TASK STATEMENT ::
Please restate each line of the data below exactly. Omit all images.
---------- COLLECTED DATA ----------
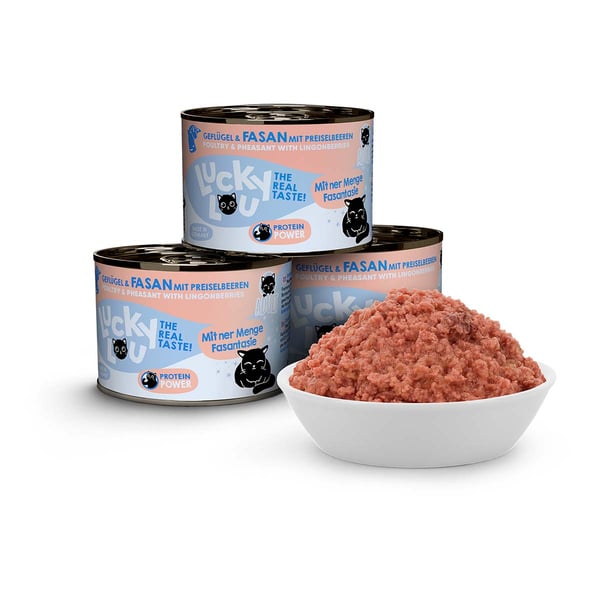 Ihr seht also: Mein Futter gibt es speziell auf unsere verschiedenen Lebensabschnitte und individuellen Bedürfnisse abgestimmt. Langweiligen Einheitsfraß gibt’s woanders – Lucky Lou Lifestage ist in 18 verschiedenen Sorten erhältlich. Damit du deinen Katzen immer frisches Futter servieren kannst, gibt es Lucky Lou Lifestage in Pouchbeuteln mit 125 g Inhalt sowie in Dosen zu 200 g und 400 g. Und Multipacks gibt’s natürlich auch!
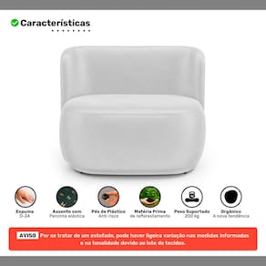 Estrutura: Madeira de Eucalipto; Estofamento: Espuma D-24; Revestimento: Couríssimo Sintético (PU); Pés: PlásticoPoltrona e Namoradeira Orgânica Molly - Conforto, elegância e estilo orgânico para transformar seu ambiente!
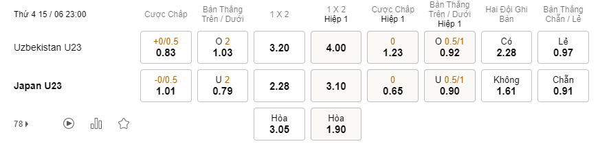 Soi kèo hiệp 1 U23 Uzbekistan vs U23 Nhật Bản: 1.23*0*0.65
----------
EXPECTED ANSWER ::
 Ihr seht also: Mein Futter gibt es speziell auf unsere verschiedenen Lebensabschnitte und individuellen Bedürfnisse abgestimmt. Langweiligen Einheitsfraß gibt’s woanders – Lucky Lou Lifestage ist in 18 verschiedenen Sorten erhältlich. Damit du deinen Katzen immer frisches Futter servieren kannst, gibt es Lucky Lou Lifestage in Pouchbeuteln mit 125 g Inhalt sowie in Dosen zu 200 g und 400 g. Und Multipacks gibt’s natürlich auch!
 Estrutura: Madeira de Eucalipto; Estofamento: Espuma D-24; Revestimento: Couríssimo Sintético (PU); Pés: PlásticoPoltrona e Namoradeira Orgânica Molly - Conforto, elegância e estilo orgânico para transformar seu ambiente!
 Soi kèo hiệp 1 U23 Uzbekistan vs U23 Nhật Bản: 1.23*0*0.65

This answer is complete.